◆ **TASK DESCRIPTION**
Give back the listing in full and exactly, leaving out the images.

◆ **DATA SECTION**
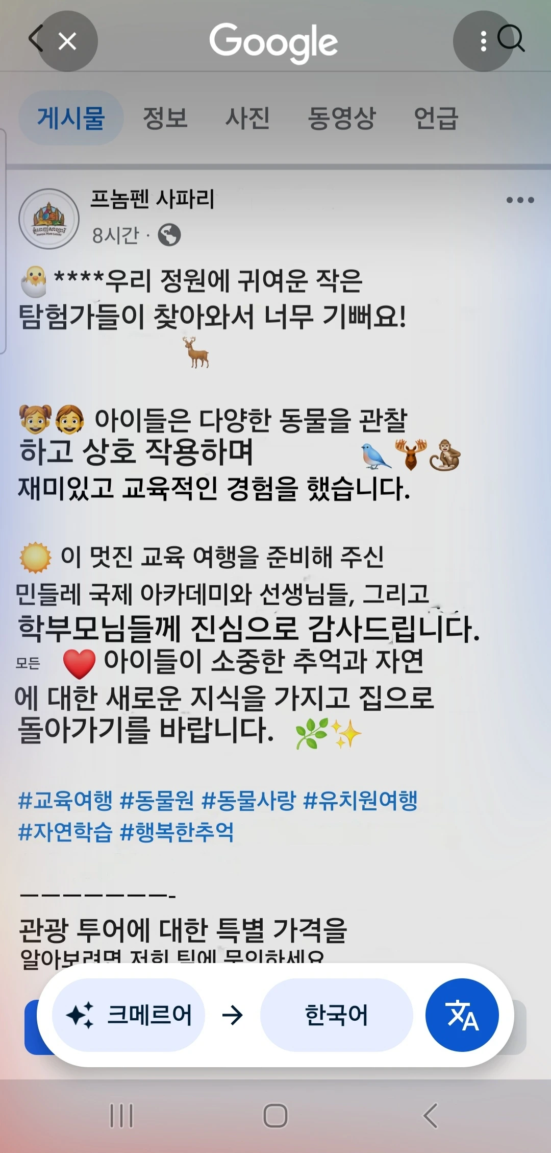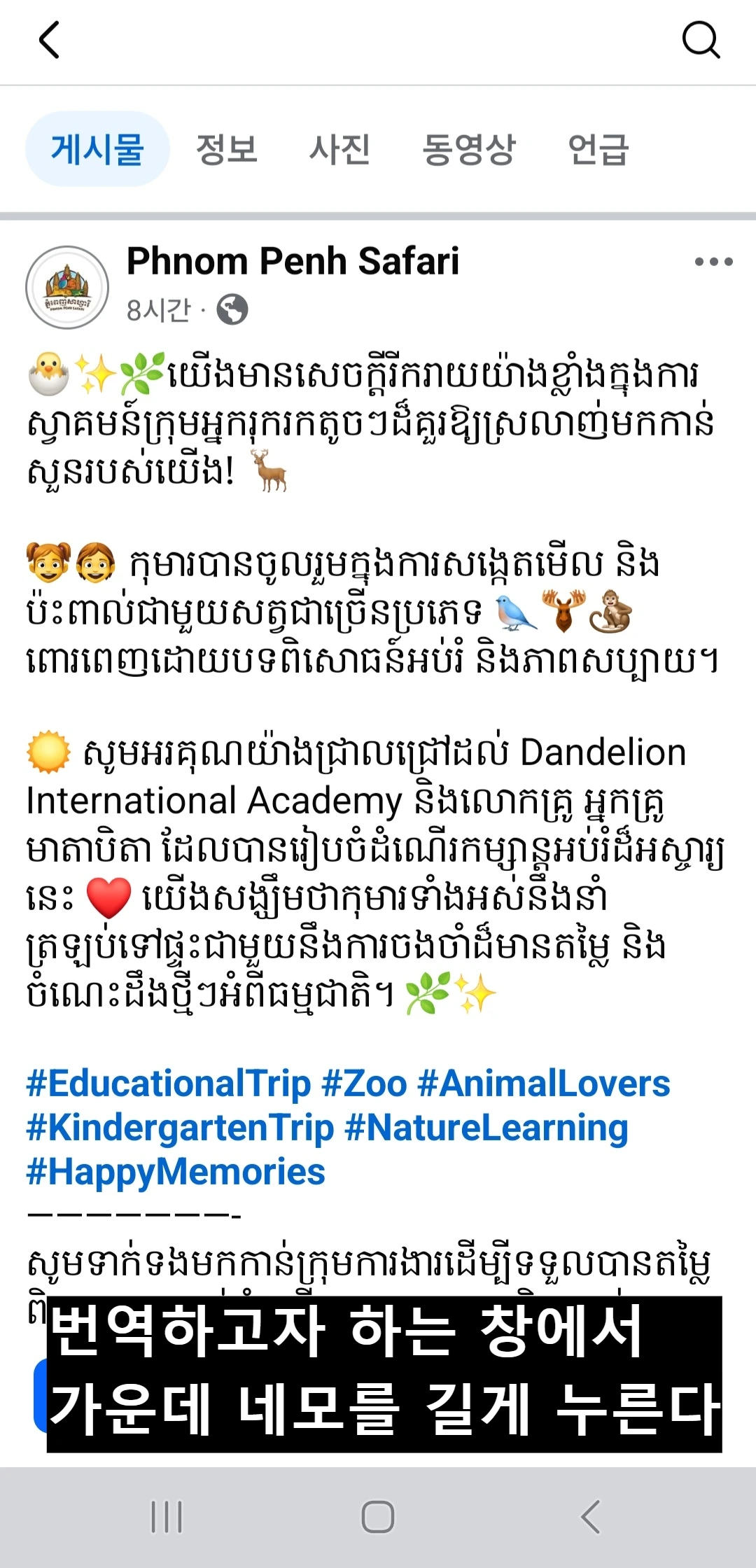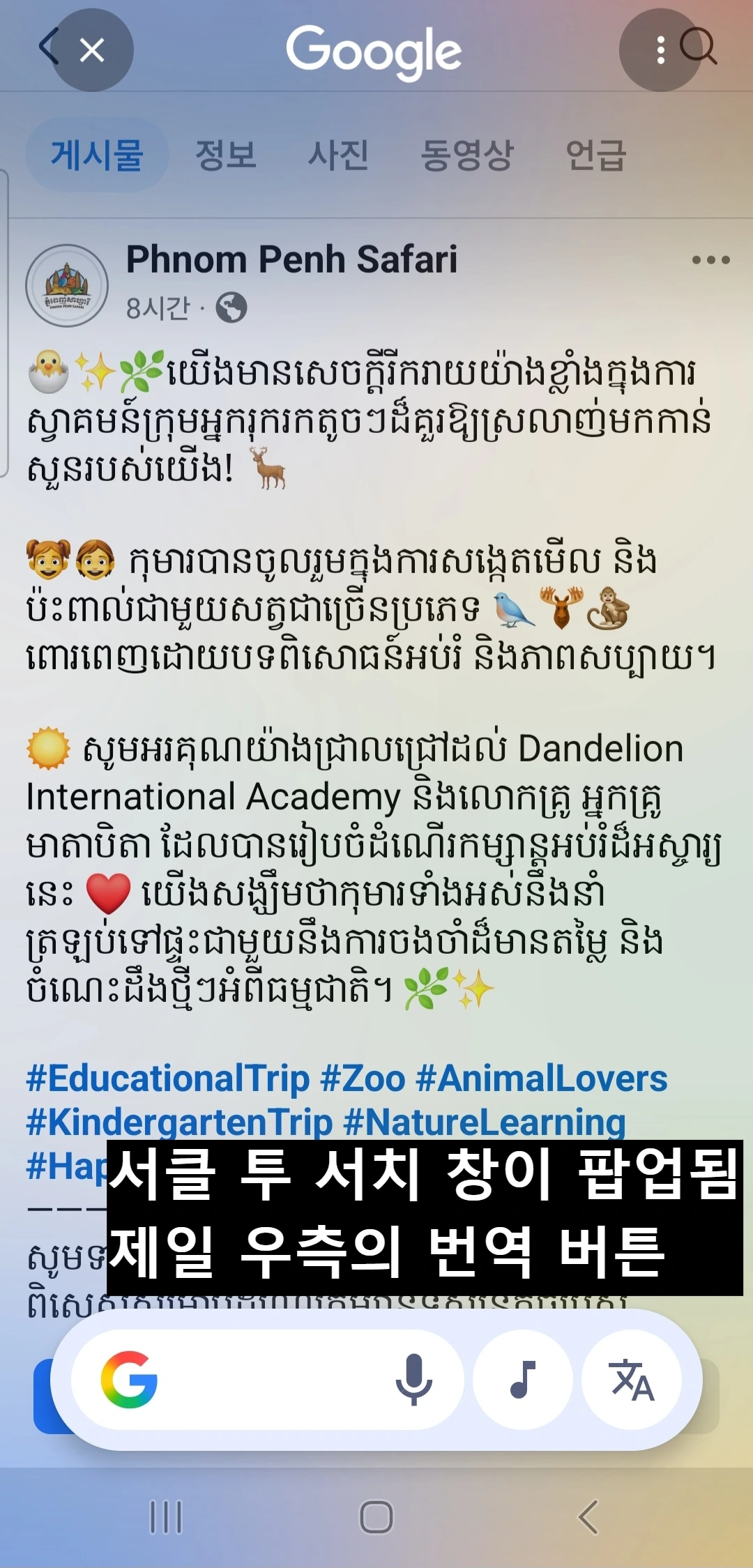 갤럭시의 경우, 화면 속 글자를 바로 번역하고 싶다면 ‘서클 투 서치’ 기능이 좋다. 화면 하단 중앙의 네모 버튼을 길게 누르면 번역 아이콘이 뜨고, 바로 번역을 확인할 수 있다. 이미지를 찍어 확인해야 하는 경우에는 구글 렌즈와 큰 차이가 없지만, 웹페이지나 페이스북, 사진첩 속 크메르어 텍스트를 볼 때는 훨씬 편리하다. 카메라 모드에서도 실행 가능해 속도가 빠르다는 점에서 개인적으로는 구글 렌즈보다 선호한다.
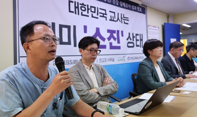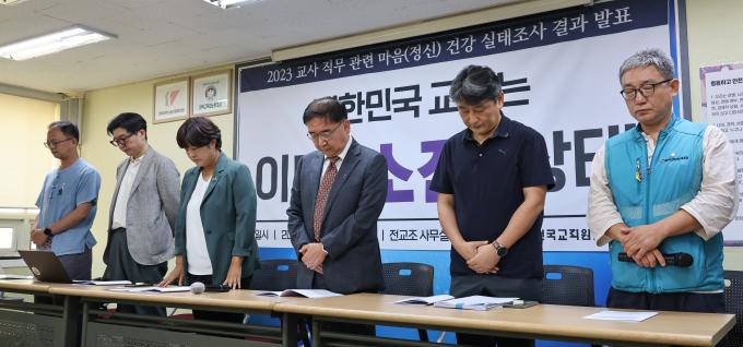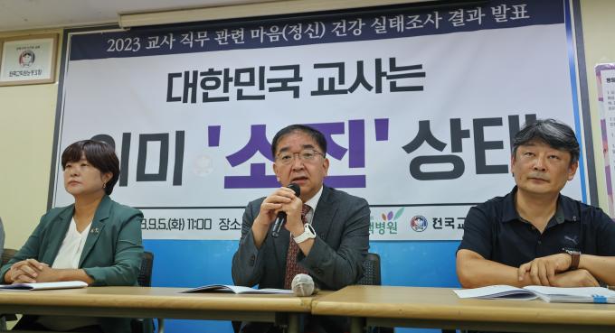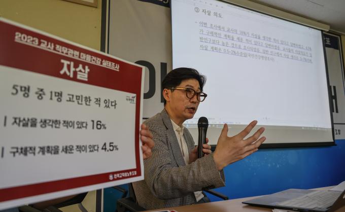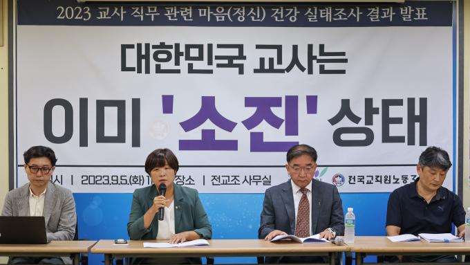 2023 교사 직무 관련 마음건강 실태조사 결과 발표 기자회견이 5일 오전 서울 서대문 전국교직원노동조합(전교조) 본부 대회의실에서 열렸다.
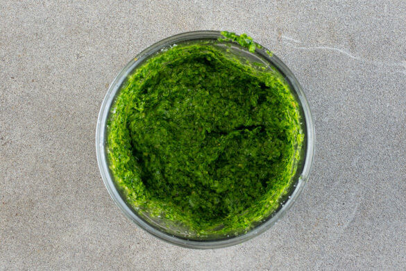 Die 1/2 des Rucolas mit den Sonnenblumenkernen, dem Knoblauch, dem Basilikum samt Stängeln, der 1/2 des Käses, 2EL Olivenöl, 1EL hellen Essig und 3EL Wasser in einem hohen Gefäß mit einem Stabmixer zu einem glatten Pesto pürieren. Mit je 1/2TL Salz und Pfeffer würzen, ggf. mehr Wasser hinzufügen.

◆ **ANSWER BOX**
 갤럭시의 경우, 화면 속 글자를 바로 번역하고 싶다면 ‘서클 투 서치’ 기능이 좋다. 화면 하단 중앙의 네모 버튼을 길게 누르면 번역 아이콘이 뜨고, 바로 번역을 확인할 수 있다. 이미지를 찍어 확인해야 하는 경우에는 구글 렌즈와 큰 차이가 없지만, 웹페이지나 페이스북, 사진첩 속 크메르어 텍스트를 볼 때는 훨씬 편리하다. 카메라 모드에서도 실행 가능해 속도가 빠르다는 점에서 개인적으로는 구글 렌즈보다 선호한다.
 2023 교사 직무 관련 마음건강 실태조사 결과 발표 기자회견이 5일 오전 서울 서대문 전국교직원노동조합(전교조) 본부 대회의실에서 열렸다.
 Die 1/2 des Rucolas mit den Sonnenblumenkernen, dem Knoblauch, dem Basilikum samt Stängeln, der 1/2 des Käses, 2EL Olivenöl, 1EL hellen Essig und 3EL Wasser in einem hohen Gefäß mit einem Stabmixer zu einem glatten Pesto pürieren. Mit je 1/2TL Salz und Pfeffer würzen, ggf. mehr Wasser hinzufügen.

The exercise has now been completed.